Date: 2016-04-18 11:01 am (UTC)
From: (Anonymous)
The last patch, which changes all Intel SATA controllers to firmware mode, might want to restrict itself to mobile parts, possibly with a cut-date.

IMHO that patch is bound to cause issues on desktops and servers like my supermicro board, which are not sold as a complete system with storage. You can barely trust the firmware to keep things together... hopefully it defaults to alpm disabled, but I wouldn´t trust it that much: these boards never have up-to-date firmware components, from microcode to option ROMs.

SATA ALPM is not going to be nearly as important in non-mobile parts, or on older mobile parts. There is no reason to risk data loss by a *default* configuration change there...

the other patches in the series look good.

T440p

Date: 2016-04-18 11:07 am (UTC)
From: (Anonymous)
>and ends with U or S
Is your patch appropriate for M-series of mobile Haswell processors, like i5-4300M?
I succeeded in achieving pc7 on my T440p with i5-4300M by booting with i915.enable_psr=1 (which is going to be enabled by default in 4.6 kernel anyways) and setting link_power_management_policy to min_power.

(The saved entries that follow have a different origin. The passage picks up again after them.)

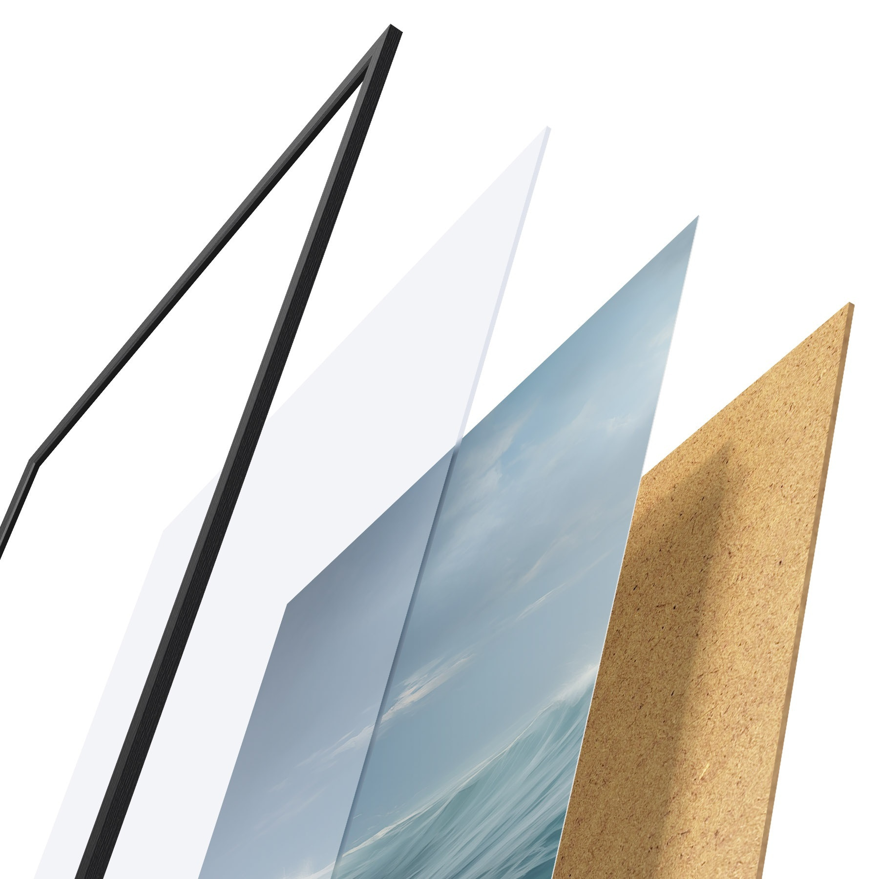 Plakát se skládá z rámu, plexiskla, tištěného obrazu a dřevotřískového podkladu. Díky úchytům na zadní straně lze plakát ihned zavěsit na zeď.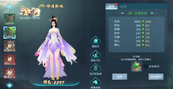 通过神兵进阶丹对神兵进行进阶,提升神兵整体属性(生命、攻击、防御、命中、闪避、会心、御心),进阶丹的获取途径(仙坊、武境、生死之境)。神兵进阶达到10阶、可获得“神兵达人”永久称号。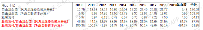 (注:缺少2009年的维修性资本开支数据,导致无法计算当年的自由现金流)

But currently video driver is unstable in this configuration: https://bugs.freedesktop.org/show_bug.cgi?id=94985

Re: T440p

Date: 2016-04-18 02:48 pm (UTC)
From: (Anonymous)
Do you have both laptop screen and external monitor running? With that configuration I was never able to have a halfway flicker free system not even with a eDP/HDMI connected Monitor.
Try to disable yout internal screen with arandr or xrandr.
Btw. even with no external screen connected I still get occasional short flicker on my laptop screen (ips) with psr enabled but only when idle. At least my system goes into its lowest possible pc7 state for hightly changing 10 or 20% :(

Re: T440p

From: (Anonymous) - Date: 2016-04-18 03:45 pm (UTC) - Expand

Re: T440p

From: (Anonymous) - Date: 2016-04-18 03:53 pm (UTC) - Expand

Date: 2016-04-18 02:44 pm (UTC)
From: (Anonymous)
I too have a t440p with a i7-4600M. Too bad those patches won't do anything on mobile full voltage cpus. Or do they?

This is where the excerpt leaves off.